For a simple start I would use a non-linear characteristic $g(x)$ that compresses your input signal:
$$
y = g\left(x\right)
$$
where (as pointed out by endolith in the comments) $x$ is the envelope of the input audio signal and $y$ is the output envelope that is applied to the actual audio signal. $g(x)$ can be any function that attenuates large input values stronger than small input values. The A-Law and $\mu$-Law functions have been developed to compress speech signals for telephony, for example. I don't know how good this sounds for music, though.
Another, very simple compression function would be to attenuate all amplitudes above a certain threshold $\delta$:
$$
g(x) = \begin{cases}
x & \text{for} & x \leq \delta \\
ax + (1-a)\delta & \text{for} & x > \delta
\end{cases}
$$
where $a < 1$ is attenuation. But this won't work very well as our sense of hearing is logarithmic so that the attenuation might be much too strong. This is why audio compressors work on a logarithmic scale and it leads to the same function as above, but all values taken logarithmic and with respect to the maximum possible value. For $x > 0$:
$$
\log(g(x)) = \begin{cases}
\log(x) & \text{for} & x \leq \delta \\
\frac{1}{r}\log(x) + \left(1-\frac{1}{r}\right)\log(\delta) & \text{for} & x > \delta
\end{cases}
$$
For audio compressors, $\delta$ is usually given in dB and $r$ is expressed as some ratio, e.g. 3:1 (i.e. $r=3$). This yields an exponential function, when linearly expressed (hope it's correct, please check it, also $x>0$):
$$
g(x) = \begin{cases}
x & \text{for} & x \leq \delta \\
\delta^{1 - 1/r}x^{1/r} & \text{for} & x > \delta
\end{cases}
$$
This function has a "hard knee", meaning that the function $\log g(x)$ is not differentiable at $x = \delta$. For a "soft knee" you would need some smooth transition at that point. The extension of the above functions for negative $x$ is straightforward, just multiply with the signum function and take the absolute value of $x$.

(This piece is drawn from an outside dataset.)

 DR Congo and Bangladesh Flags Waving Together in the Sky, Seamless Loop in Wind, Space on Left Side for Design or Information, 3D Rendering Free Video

Attack and release have an impact on different sounds like kicks, snares and vocal. They determine how long before the threshold is reached the compressor should start working and how long it should still be working after the signal has fallen below the threshold. To implement this you will have to use some sort of look-ahead.

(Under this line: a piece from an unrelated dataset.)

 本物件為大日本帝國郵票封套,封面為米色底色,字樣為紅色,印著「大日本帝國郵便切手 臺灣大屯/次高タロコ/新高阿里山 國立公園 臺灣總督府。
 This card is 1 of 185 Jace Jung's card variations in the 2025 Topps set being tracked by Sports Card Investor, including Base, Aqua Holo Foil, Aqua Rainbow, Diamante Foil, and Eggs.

As all amplitudes below $\delta$ are attenuated, the available dynamic range ist not fully exploited. This is corrected for by the so-called "make up gain" which is just a simple multiplication of the compressed signal with a gain factor $G>1$. By first reducing the dynamic range and then amplifiying the signal compressors can make music appear "louder".